C'est vous, c'est moi, c'est l'humain en général. Car le diable, c'est la Vie et ses lois. L'âme ne vit que parce qu'elle est perpétuellement tentée, et qu'elle s'efforce de résister. Le Diable est l'Opposant, celui qui dit non, de même que tout ce qui vit s'oppose à quelque chose. La vie ne prend son sens que par opposition à la mort. Une biologie du Diable se justifie par le fait que le Diable étant la vie, sa complicité apparente avec la mort n'est pas vouée au néant, mais à l'expression et à l'expansion de la chair, de la substance animale. Ainsi la mort ne serait pas la mort s'il n'y avait pas une coïncidence diabolique avec le sexe qui donne la vie et permet de dépasser la mort. En conséquence, le Diable est un vivant et le mystère de Satan est inséparable de la Vie.

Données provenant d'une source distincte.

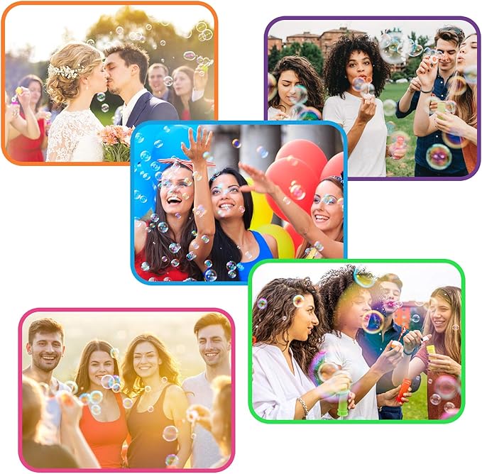 - Safe bubble solution formula: Easy to do bubbles (not basically water with a tad of soap-like others), No smell, Non-Toxic. Very Safe to Kids’ Skin and Face. Do Not Drink.
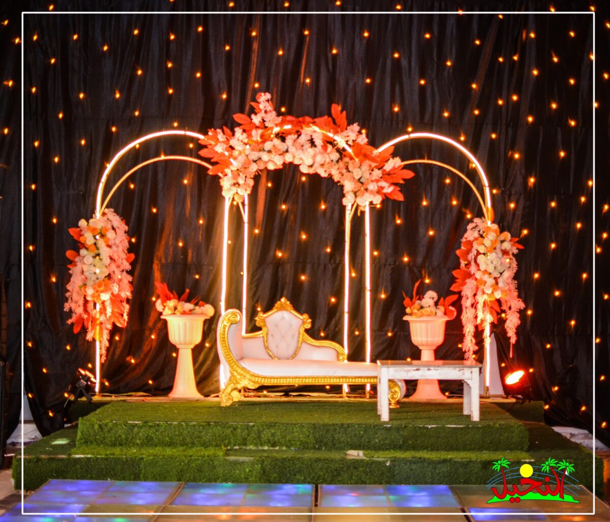 الكوشة في قريه النخيل ليها شكل مميز لأنها بتتعمل غالبًا على خلفية طبيعية، وده بيخلي شكلها في الصور مختلف عن أي قاعة عادية. الإضاءة الهادية حوالين المكان بتكبر تأثير اللحظة، خصوصًا وقت دخلة العريس والعروسة. المصورين بيحبوا المكان لأنه يديهم فرص لقطات كثيرة من زوايا مختلفة، سواء على الخضرة، في المدخل، أو في المساحات الواسعة اللي حوالين القاعة.
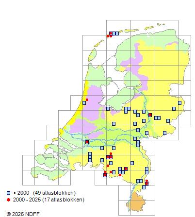 Zeldzaam. Een soort met zeer verspreid over het land slechts een aantal waarnemingen, vooral in het zuidoosten van het land en op Terschelling. RL: ernstig bedreigd.
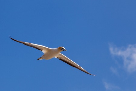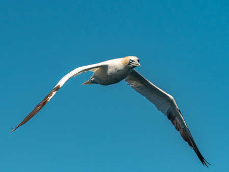 A Northern Gannet (Morus bassanus) in flight on a sunny day summer, blue sky, Les Sept Iles, Brittany (France)
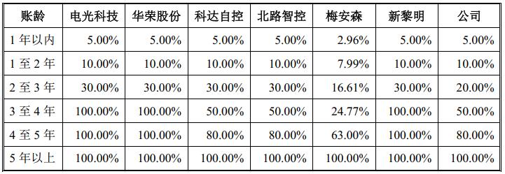 万泰股份回复函显示,对于2至3年的应收账款,万泰股份计提比例是20%,但6家可比公司中有5家计提比例为30%;对于3至4年的应收账款,有3家可比公司的计提比例是100%,但万泰股份计提比例是50%。
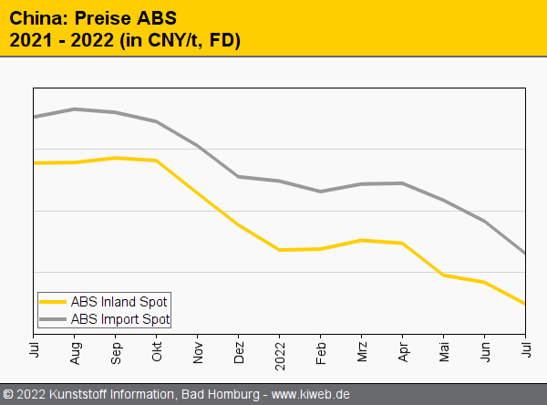 Die Preise für technische Thermoplaste waren im Juli 2022 auf dem chinesischen Markt weitgehend rückläufig. Die Vorproduktpreise fielen im Einklang mit den Rohölpreisen, und die Nachfrage war in fast allen Sektoren angesichts der Besorgnis über eine weltweite Rezession gedämpft. Dies berichtet der Branchendienst Kunststoff Information (Bad Homburg) im aktuellen Online-Report.
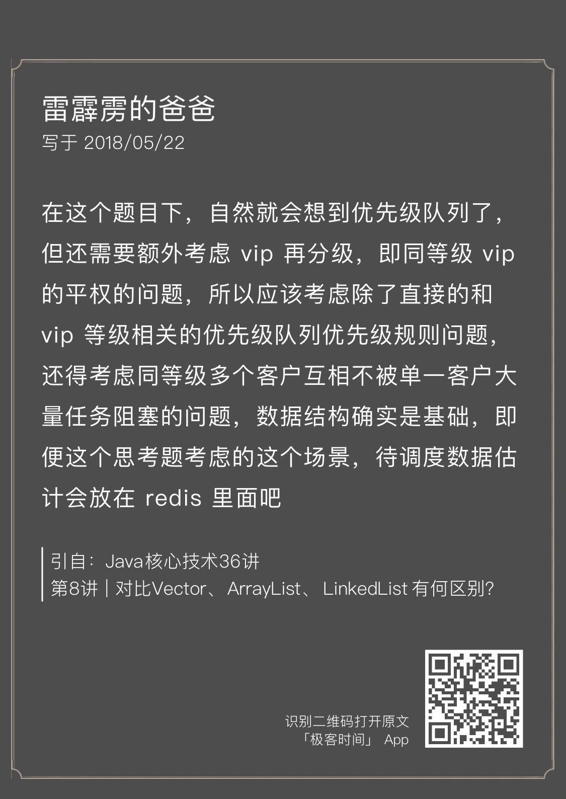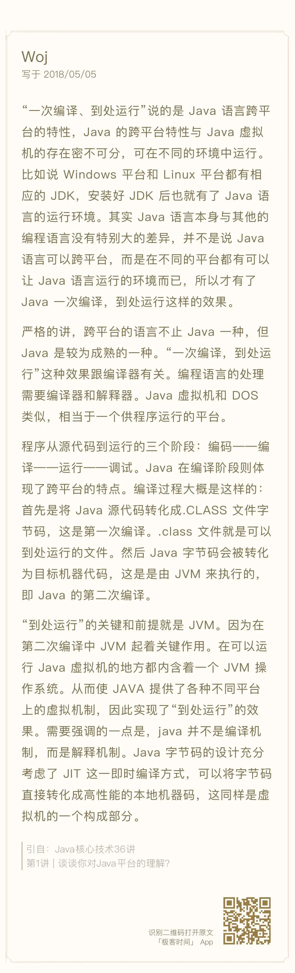你好,我是杨晓峰。今天是周末,我们稍微放松一下来聊聊“Java 核心技术”之外的内容,正好也借这个机会,兑现一下送出学习奖励礼券的承诺。我在每一讲后面都留下了一道思考题,希望你通过学习,结合自身工作实际,能够认真思考一下这些问题,一方面起到检验学习效果的作用,另一方面可以查漏补缺,思考一下这些平时容易被忽略的面试考察点。我并没有给出这些思考题的答案,希望你通过专栏学习或者查阅其他资料进行独立思考,将自己思考的答案写在留言区与我和其他同学一起交流,这也是提升自己重要的方法之一。

Le chantier de la Vie et l'expansion de la chair qui n'a de sens que par la mort s'expriment ainsi dans une triade diabolique : la vie, le sexe et la mort. Dès son installation sur terre, le vivant est défini par l'affrontement des contraires : reproduction et croissance d'un côté, mort et destruction de l'autre. Le Diable, qui est Vie, ne peut donc être considéré comme le principe du Mal puisqu'il assure l'expansion de la vie animale et l'évolution des espèces, qui mène au cerveau humain. Le Mal n'est pas inscrit dans la chair. Il n'existe pas en soi, et n'est que le produit d'une théorisation que le cerveau a établie à partir de l'expression de ses désirs et de ses passions. Grâce à son cerveau, l'homme a acquis la capacité de clamer au monde sa jouissance de vivre, son désir de l'autre, et sa hantise de la mort. La théorisation est affaire de sociologie, et le Mal symbolise les conventions qui ont été imposées aux hommes par l'invention de la peur du Diable... Le Bien n'a de sens que par l'image que les hommes se donnent d'eux-mêmes. En produisant les sociétés, le cerveau humain a fabriqué de la morale. Les vertus et les vices ne sont pas inscrits dans les gènes. Les hommes ne sont moraux que parce que temporels et inscrits dans une durée dont ils ont connaissance. Le Bien et le Mal ne sont que des données romanesques et non théologiques. C'est dans cette perspective que le Diable, incompris dans son essence, est présenté comme un mythe.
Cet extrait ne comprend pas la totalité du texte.